#### MATERIAL FOR THIS EXERCISE:
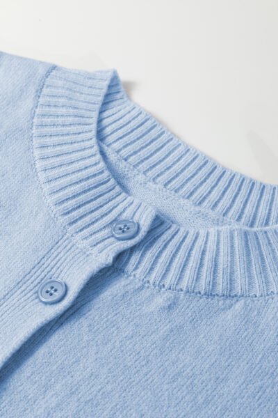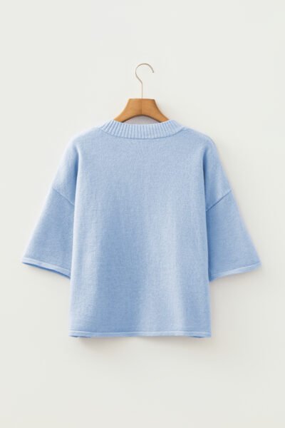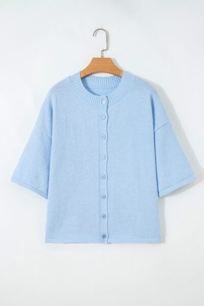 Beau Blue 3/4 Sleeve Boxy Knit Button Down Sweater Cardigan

---

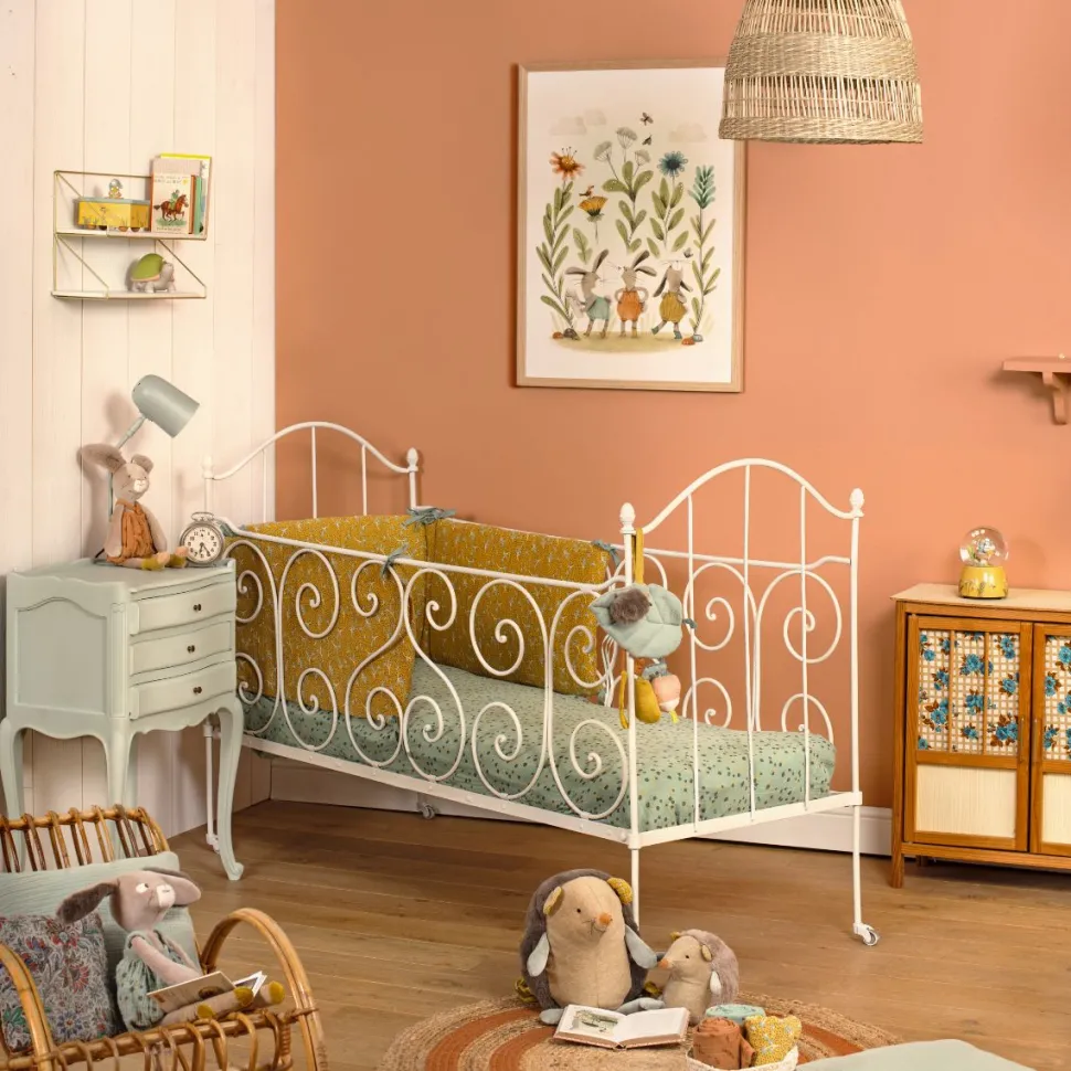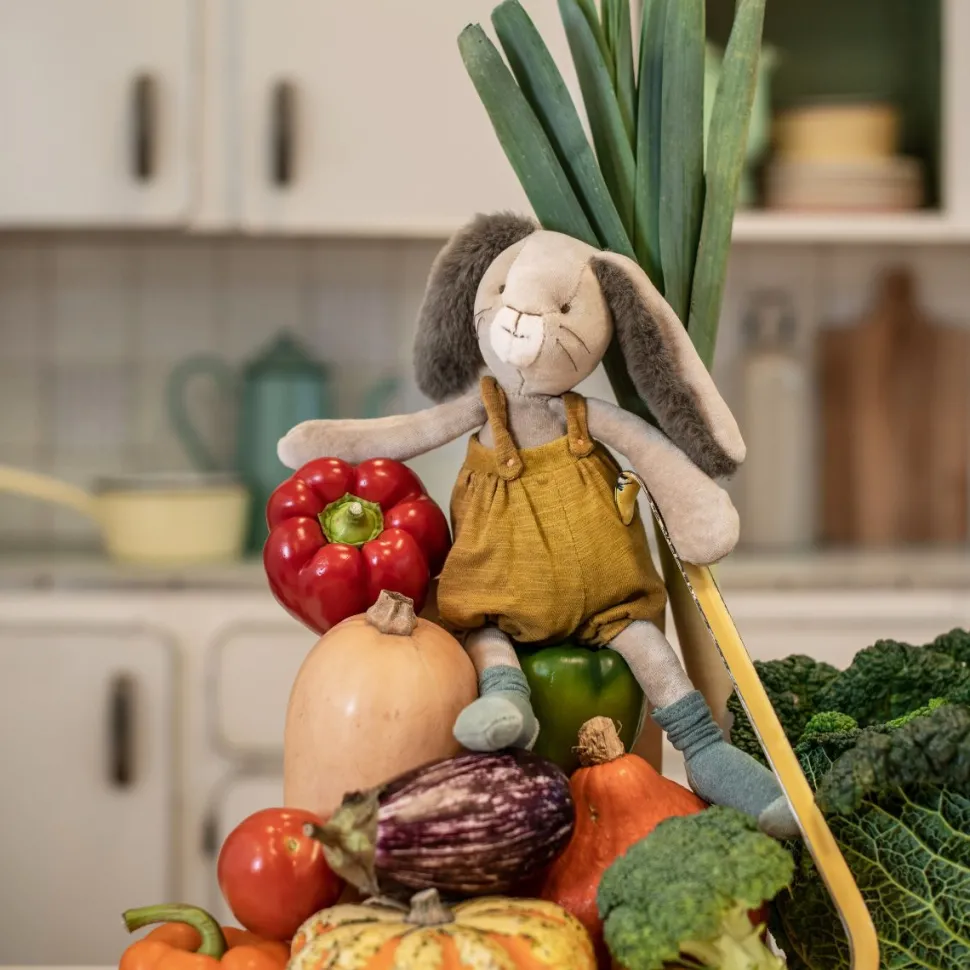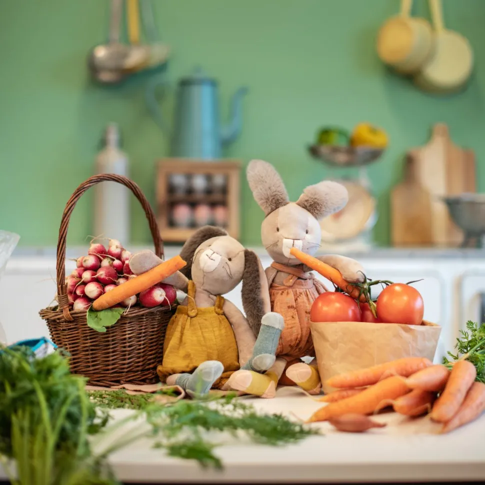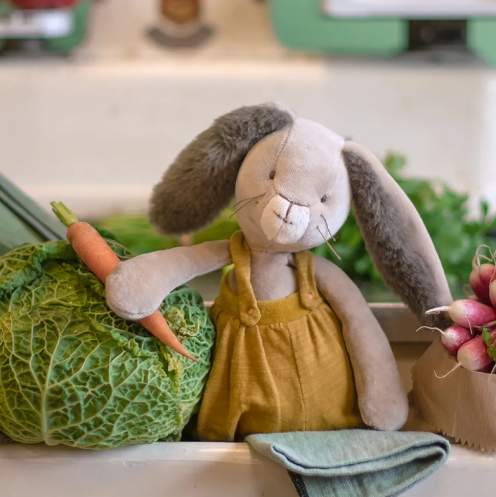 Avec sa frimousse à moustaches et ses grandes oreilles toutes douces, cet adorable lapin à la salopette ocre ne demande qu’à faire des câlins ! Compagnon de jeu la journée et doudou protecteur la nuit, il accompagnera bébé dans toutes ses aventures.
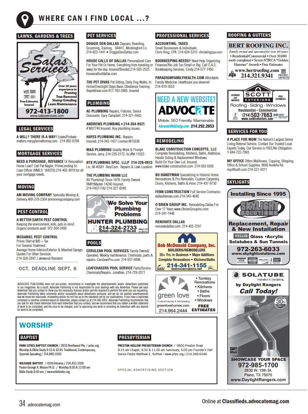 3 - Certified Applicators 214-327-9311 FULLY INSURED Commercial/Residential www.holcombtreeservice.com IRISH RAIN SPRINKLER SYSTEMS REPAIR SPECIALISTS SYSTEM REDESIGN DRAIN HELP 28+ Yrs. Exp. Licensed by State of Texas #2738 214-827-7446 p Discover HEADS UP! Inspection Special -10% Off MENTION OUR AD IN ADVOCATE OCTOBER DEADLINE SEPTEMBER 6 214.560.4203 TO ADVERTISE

#### YOUR ASSIGNMENT:
Above are records; repeat only the lines from the line with "Avec sa frimousse" through the line with "3 - Certified", and leave pictures out.

#### FINISHED TASK:
 Avec sa frimousse à moustaches et ses grandes oreilles toutes douces, cet adorable lapin à la salopette ocre ne demande qu’à faire des câlins ! Compagnon de jeu la journée et doudou protecteur la nuit, il accompagnera bébé dans toutes ses aventures.
 3 - Certified Applicators 214-327-9311 FULLY INSURED Commercial/Residential www.holcombtreeservice.com IRISH RAIN SPRINKLER SYSTEMS REPAIR SPECIALISTS SYSTEM REDESIGN DRAIN HELP 28+ Yrs. Exp. Licensed by State of Texas #2738 214-827-7446 p Discover HEADS UP! Inspection Special -10% Off MENTION OUR AD IN ADVOCATE OCTOBER DEADLINE SEPTEMBER 6 214.560.4203 TO ADVERTISE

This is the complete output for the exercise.